■ BRIEF ■
Look through the data below for the line with "Without changing any", and transcribe it exactly together with each line after it up to and including the line with "Der Homepage des". Give nothing else.

■ DATA RECORDS ■
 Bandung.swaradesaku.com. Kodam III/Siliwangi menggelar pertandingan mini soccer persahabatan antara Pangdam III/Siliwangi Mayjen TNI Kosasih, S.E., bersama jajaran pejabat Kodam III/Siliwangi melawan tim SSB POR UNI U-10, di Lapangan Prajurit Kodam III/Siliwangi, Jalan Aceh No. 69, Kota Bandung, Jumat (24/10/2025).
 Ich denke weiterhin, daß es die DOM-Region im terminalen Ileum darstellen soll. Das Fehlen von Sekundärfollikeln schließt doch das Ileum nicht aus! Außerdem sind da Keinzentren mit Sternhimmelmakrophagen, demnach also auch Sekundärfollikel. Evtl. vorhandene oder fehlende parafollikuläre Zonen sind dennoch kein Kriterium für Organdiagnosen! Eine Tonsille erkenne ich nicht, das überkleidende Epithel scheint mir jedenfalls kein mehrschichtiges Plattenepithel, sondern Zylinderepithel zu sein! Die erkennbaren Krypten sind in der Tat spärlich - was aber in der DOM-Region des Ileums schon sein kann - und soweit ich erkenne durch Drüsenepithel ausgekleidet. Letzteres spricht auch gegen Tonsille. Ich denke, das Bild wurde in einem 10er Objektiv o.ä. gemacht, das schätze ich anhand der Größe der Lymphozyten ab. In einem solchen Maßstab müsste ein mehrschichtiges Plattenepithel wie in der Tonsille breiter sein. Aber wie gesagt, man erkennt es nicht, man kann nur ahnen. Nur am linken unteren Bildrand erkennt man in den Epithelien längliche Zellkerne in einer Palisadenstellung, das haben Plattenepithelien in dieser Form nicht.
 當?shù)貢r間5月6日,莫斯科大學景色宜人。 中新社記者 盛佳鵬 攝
==
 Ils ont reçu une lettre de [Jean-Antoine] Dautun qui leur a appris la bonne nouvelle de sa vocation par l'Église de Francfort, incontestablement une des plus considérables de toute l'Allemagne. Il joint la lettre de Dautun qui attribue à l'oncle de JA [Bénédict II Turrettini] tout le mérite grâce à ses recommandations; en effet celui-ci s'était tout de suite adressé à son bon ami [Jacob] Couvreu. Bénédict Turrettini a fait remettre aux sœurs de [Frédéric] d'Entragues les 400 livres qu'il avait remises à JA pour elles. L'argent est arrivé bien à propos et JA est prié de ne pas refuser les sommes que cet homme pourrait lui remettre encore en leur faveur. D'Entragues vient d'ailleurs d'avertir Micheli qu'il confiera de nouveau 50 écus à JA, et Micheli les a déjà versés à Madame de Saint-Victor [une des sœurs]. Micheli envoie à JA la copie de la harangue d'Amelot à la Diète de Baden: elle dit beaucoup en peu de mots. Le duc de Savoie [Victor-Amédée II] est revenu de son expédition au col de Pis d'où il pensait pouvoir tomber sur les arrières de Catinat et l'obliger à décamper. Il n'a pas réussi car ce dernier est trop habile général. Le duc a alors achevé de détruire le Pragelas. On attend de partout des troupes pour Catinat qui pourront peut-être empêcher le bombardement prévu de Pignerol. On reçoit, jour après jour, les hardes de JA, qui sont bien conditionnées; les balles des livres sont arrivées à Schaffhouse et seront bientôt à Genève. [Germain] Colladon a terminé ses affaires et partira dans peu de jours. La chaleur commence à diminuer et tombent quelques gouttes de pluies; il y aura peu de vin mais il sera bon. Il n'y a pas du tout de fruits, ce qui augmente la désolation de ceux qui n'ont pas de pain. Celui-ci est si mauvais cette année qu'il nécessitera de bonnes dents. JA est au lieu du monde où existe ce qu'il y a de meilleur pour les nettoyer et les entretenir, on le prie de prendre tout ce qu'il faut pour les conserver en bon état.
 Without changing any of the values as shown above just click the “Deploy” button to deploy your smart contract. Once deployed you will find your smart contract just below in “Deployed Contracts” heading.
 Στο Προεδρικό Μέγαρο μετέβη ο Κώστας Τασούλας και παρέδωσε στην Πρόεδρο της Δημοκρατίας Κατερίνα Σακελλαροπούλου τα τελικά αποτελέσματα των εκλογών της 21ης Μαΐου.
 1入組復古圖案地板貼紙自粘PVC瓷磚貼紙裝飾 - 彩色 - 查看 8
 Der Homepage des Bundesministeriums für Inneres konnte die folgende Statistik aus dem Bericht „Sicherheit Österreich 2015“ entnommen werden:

■ COMPLETED EXERCISE ■
 Without changing any of the values as shown above just click the “Deploy” button to deploy your smart contract. Once deployed you will find your smart contract just below in “Deployed Contracts” heading.
 Στο Προεδρικό Μέγαρο μετέβη ο Κώστας Τασούλας και παρέδωσε στην Πρόεδρο της Δημοκρατίας Κατερίνα Σακελλαροπούλου τα τελικά αποτελέσματα των εκλογών της 21ης Μαΐου.
 1入組復古圖案地板貼紙自粘PVC瓷磚貼紙裝飾 - 彩色 - 查看 8
 Der Homepage des Bundesministeriums für Inneres konnte die folgende Statistik aus dem Bericht „Sicherheit Österreich 2015“ entnommen werden:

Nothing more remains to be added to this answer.